= Cassi =

Tribe of Iron Age Britain

The Cassi were a tribe of Iron Age Britain in the first century BCE. They are known only from a brief mention in the writings of Julius Caesar. They may have been one of the four tribes of Kent, represented in Caesar by references to the "four kings of that region" and in the archaeological record by distinct pottery assemblages.

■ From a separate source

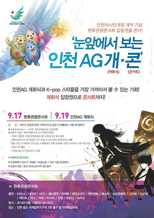 2014인천아시아경기대회 조직위원회(위원장 김영수)는 송도 미추홀타워 10층 조직위 발권센터에서 1등석 이상 개회식 입장권을 현장 구매하는 고객을 대상으로 대회 전야제 행사인 ‘2014인천한류관광콘서트’ 초대권을 증정한다.
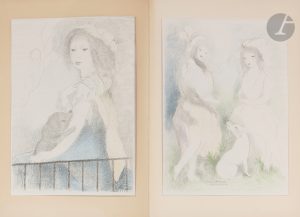plats recouverts de papier chiffon à décor floral imprimé en blanc, dos lisse, non rogné, première de couverture conservée (M.J. Guian-Milliaud)...Très belle édition tirée à 480 exemplaires, illustrée d’une vignette en noir sur le titre, reprise sur la couverture, et de 5 grandes lithographies en couleurs sur chine monté de Marie LAURENCIN (1883-1956), comprises dans la pagination..Un des 450 exemplaires sur papier vélin..Bel exemplaire relié par Marie-Josée Guian pour son compte..La fragile couverture, dont seul le premier plat a été conservé, a été collée et placée sous passe-partout.

During Julius Caesar's second invasion of Britain in 54 BCE, following Caesar's military success and restoration of King Mandubracius to power over the Trinovantes, opposition to the Romans coalesced around the figure of Cassivellaunus which led to divided loyalties among the Britons, as Caesar records. Emissaries of five British tribes, including the Cassi (the others being the Ancalites, the Segontiaci, the Cenimagni and the Bibroci), arrived at the Roman camp to treat for peace, and agreed to reveal details of Cassivellaunus' stronghold. Caesar besieged him there and brought him to terms. When Caesar left Britain he took hostages from the Britons, although which tribes were compelled to give any is not specified.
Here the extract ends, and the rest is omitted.